_What is being asked_.
In the entries that follow, the lines from the line containing "Long landing giving" up to and including the line containing "新增缴存人数突破7万人,人数" must be copied exactly, with pictures omitted.

_Data for the task_.
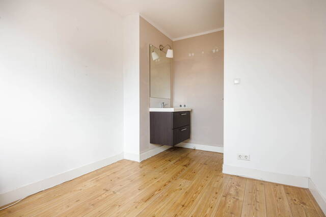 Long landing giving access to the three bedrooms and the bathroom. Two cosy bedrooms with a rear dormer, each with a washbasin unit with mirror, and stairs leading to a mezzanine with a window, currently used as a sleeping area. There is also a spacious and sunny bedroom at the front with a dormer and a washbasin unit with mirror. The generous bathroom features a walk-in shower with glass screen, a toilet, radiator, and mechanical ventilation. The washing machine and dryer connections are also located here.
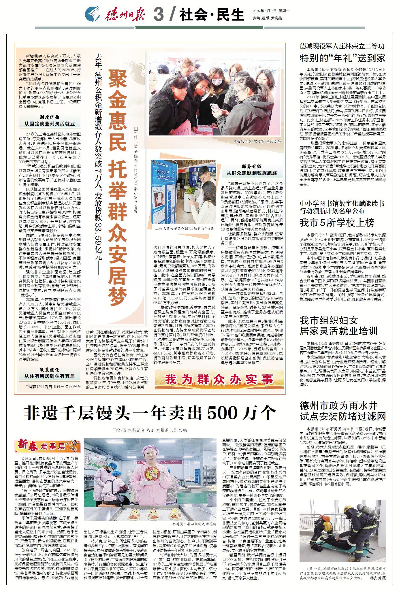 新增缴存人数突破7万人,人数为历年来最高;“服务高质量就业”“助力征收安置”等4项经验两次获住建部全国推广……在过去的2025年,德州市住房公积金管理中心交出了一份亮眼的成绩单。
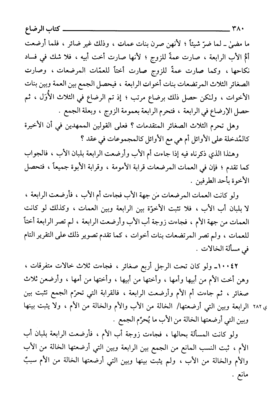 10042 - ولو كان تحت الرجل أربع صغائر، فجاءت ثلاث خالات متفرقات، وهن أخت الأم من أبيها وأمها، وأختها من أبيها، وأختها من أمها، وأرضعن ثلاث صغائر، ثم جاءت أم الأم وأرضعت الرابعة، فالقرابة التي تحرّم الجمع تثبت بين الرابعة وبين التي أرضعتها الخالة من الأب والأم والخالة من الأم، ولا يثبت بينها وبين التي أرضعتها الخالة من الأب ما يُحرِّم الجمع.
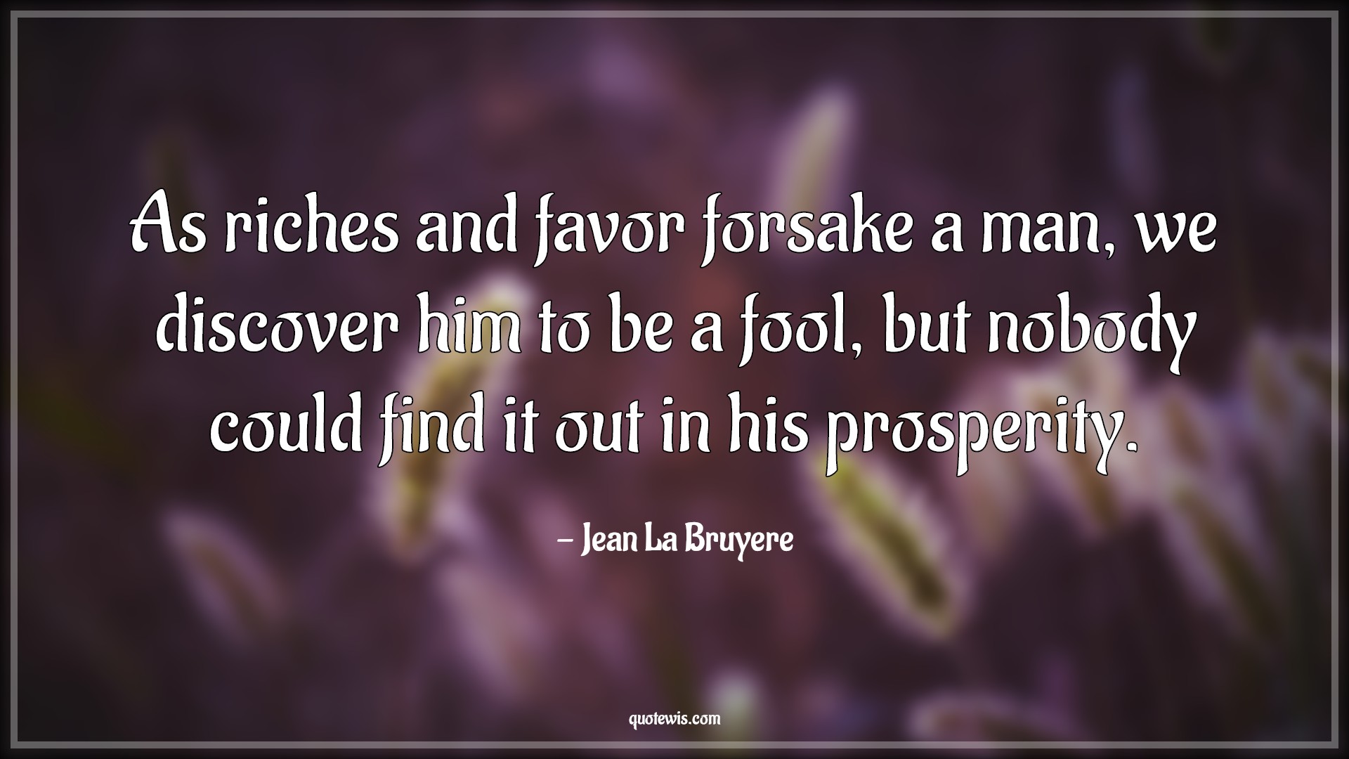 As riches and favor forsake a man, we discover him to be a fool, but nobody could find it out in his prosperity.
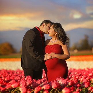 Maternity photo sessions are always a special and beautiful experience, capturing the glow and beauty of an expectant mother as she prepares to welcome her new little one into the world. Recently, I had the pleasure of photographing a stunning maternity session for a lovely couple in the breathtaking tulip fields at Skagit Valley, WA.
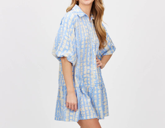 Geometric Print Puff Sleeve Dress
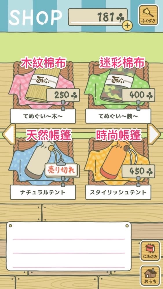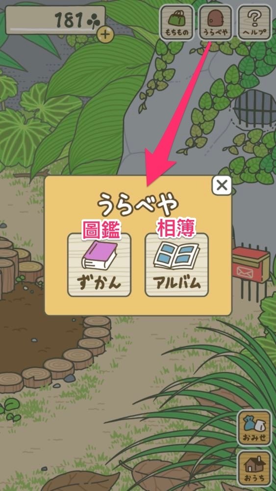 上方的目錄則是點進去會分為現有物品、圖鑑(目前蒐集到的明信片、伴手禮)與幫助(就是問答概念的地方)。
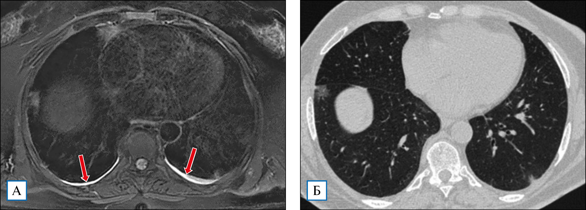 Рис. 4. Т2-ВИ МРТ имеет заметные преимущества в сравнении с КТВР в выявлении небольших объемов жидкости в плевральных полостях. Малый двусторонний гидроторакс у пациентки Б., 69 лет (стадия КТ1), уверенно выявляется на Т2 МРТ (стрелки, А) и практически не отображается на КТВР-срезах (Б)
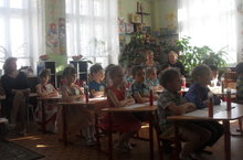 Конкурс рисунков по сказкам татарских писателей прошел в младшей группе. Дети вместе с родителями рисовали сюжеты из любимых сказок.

...

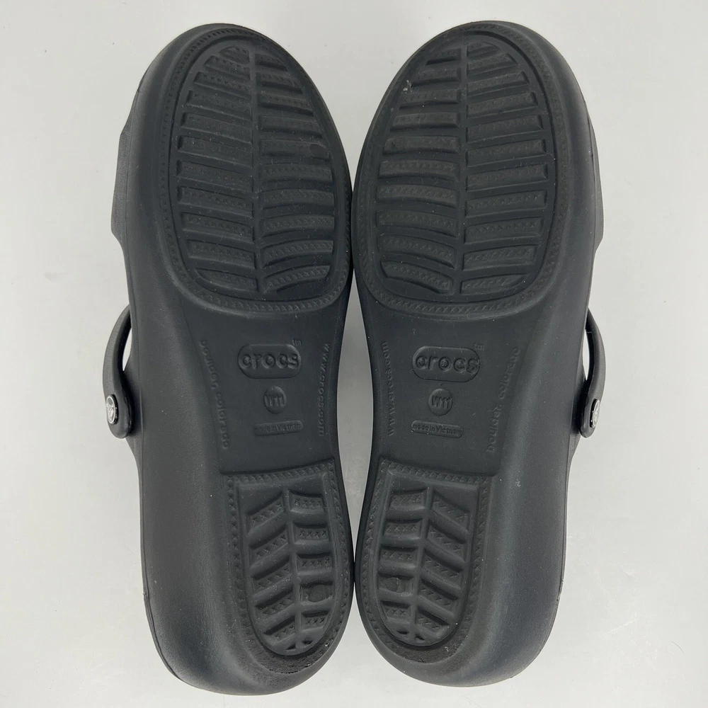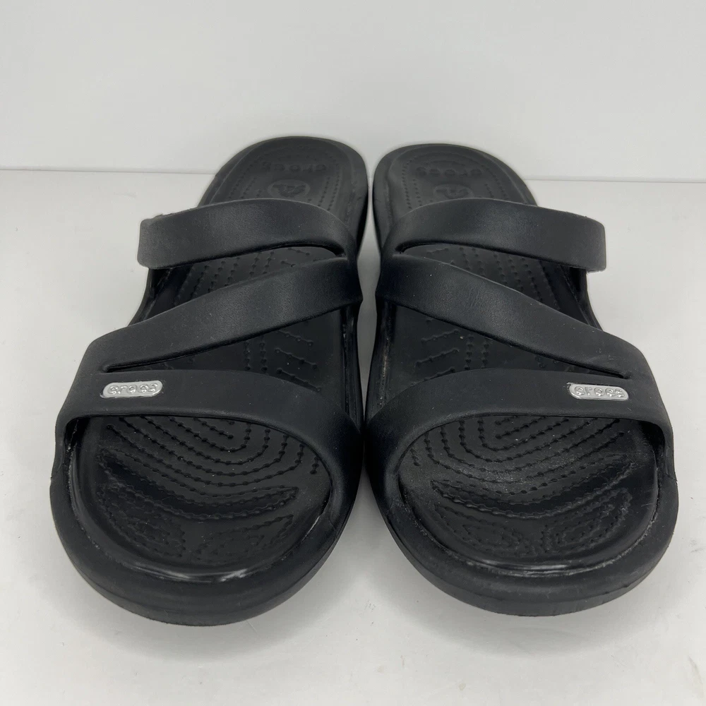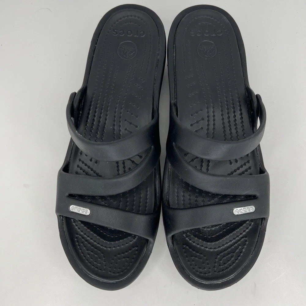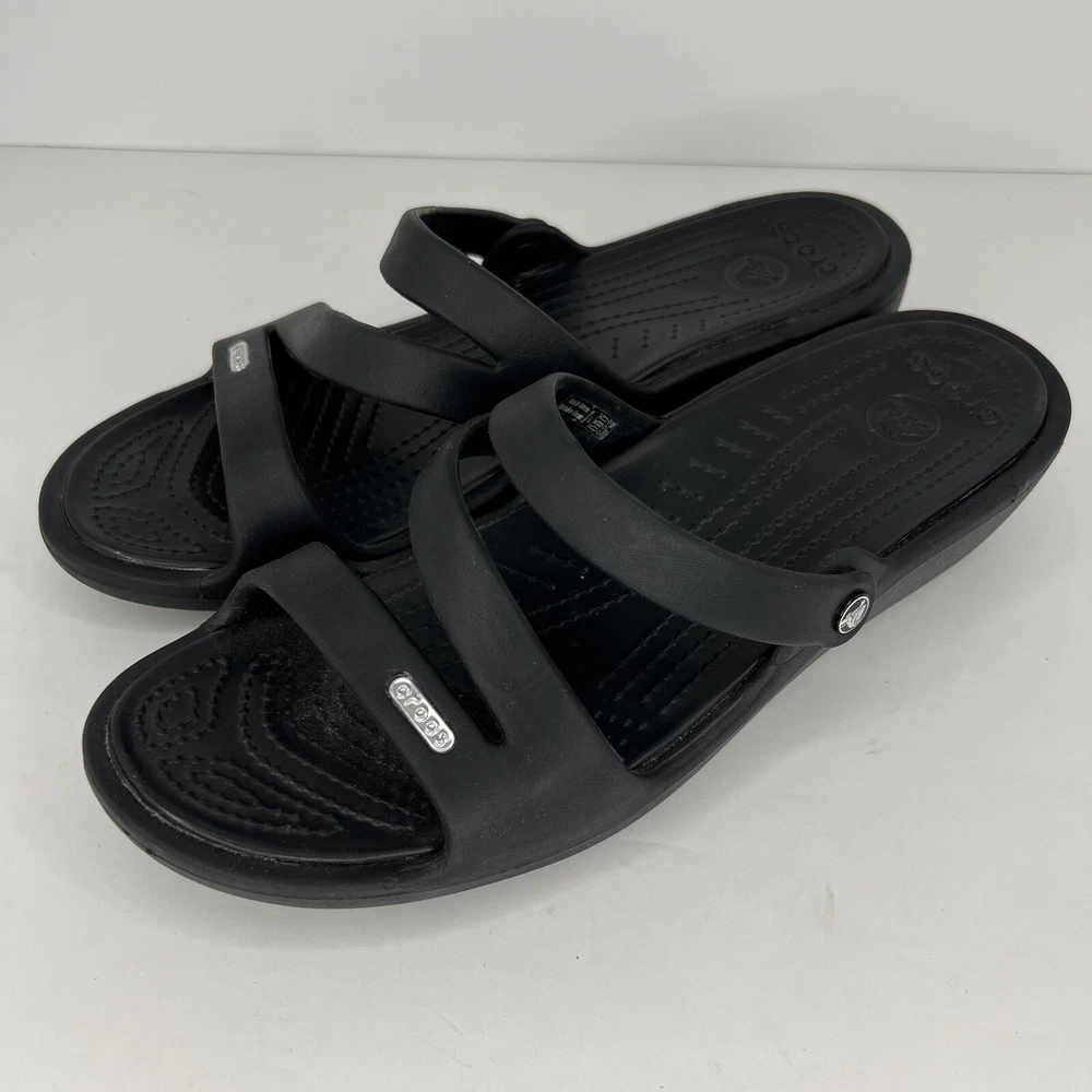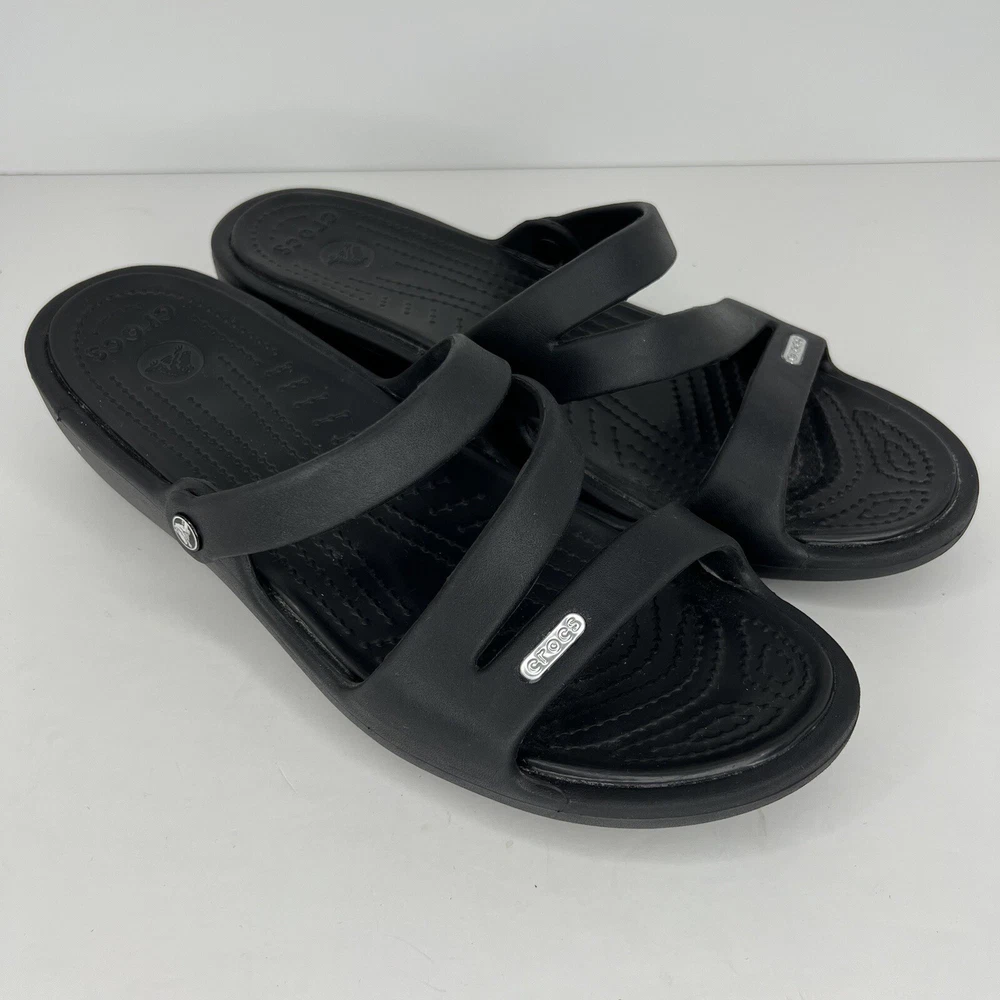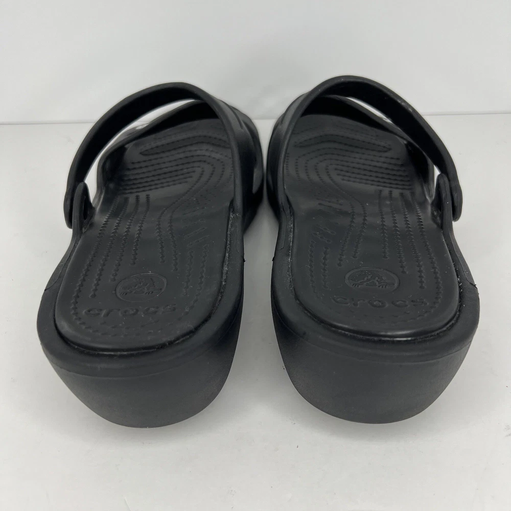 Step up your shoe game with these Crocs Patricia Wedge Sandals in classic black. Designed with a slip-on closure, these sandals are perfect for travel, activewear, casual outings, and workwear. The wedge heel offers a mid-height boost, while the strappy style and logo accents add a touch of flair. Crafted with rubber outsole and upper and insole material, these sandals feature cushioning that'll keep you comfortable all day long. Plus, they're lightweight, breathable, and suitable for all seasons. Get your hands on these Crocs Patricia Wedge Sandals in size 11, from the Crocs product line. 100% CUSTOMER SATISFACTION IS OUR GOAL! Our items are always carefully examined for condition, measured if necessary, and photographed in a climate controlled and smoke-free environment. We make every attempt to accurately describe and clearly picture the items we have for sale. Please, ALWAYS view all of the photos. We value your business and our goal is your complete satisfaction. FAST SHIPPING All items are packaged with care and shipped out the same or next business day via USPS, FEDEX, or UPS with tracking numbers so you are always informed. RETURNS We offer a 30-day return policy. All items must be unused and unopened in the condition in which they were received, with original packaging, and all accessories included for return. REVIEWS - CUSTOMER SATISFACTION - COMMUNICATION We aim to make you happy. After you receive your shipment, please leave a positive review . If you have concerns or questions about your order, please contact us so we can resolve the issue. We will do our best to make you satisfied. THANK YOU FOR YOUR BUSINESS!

* * *

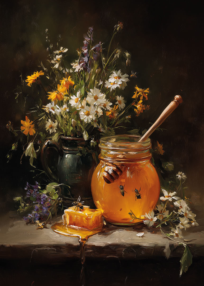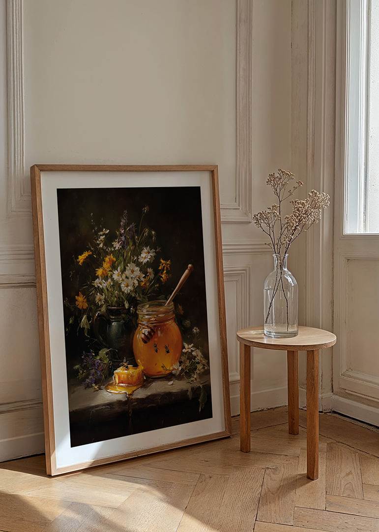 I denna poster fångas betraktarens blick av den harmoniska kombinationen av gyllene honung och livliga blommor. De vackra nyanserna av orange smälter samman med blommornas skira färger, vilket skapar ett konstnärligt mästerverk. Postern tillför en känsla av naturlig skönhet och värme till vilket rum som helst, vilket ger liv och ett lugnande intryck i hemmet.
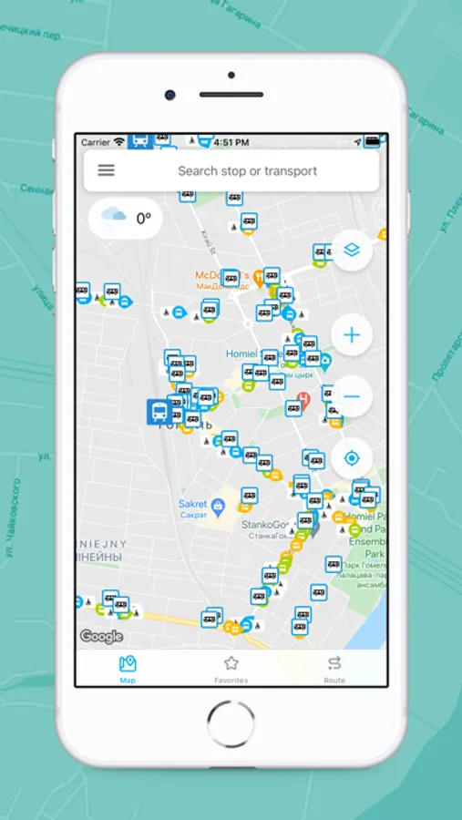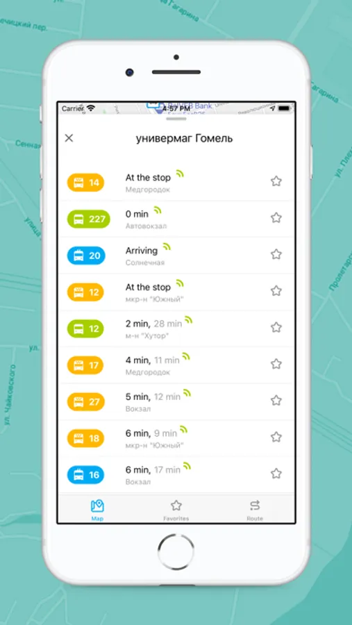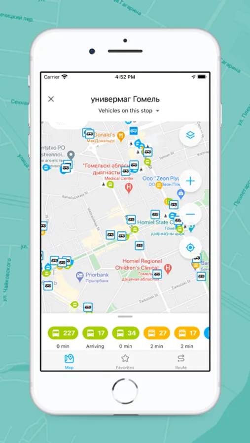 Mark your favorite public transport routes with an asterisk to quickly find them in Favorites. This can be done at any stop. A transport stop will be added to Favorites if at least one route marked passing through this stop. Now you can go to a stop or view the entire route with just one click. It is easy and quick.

_Answer to this exercise_.
 Long landing giving access to the three bedrooms and the bathroom. Two cosy bedrooms with a rear dormer, each with a washbasin unit with mirror, and stairs leading to a mezzanine with a window, currently used as a sleeping area. There is also a spacious and sunny bedroom at the front with a dormer and a washbasin unit with mirror. The generous bathroom features a walk-in shower with glass screen, a toilet, radiator, and mechanical ventilation. The washing machine and dryer connections are also located here.
 新增缴存人数突破7万人,人数为历年来最高;“服务高质量就业”“助力征收安置”等4项经验两次获住建部全国推广……在过去的2025年,德州市住房公积金管理中心交出了一份亮眼的成绩单。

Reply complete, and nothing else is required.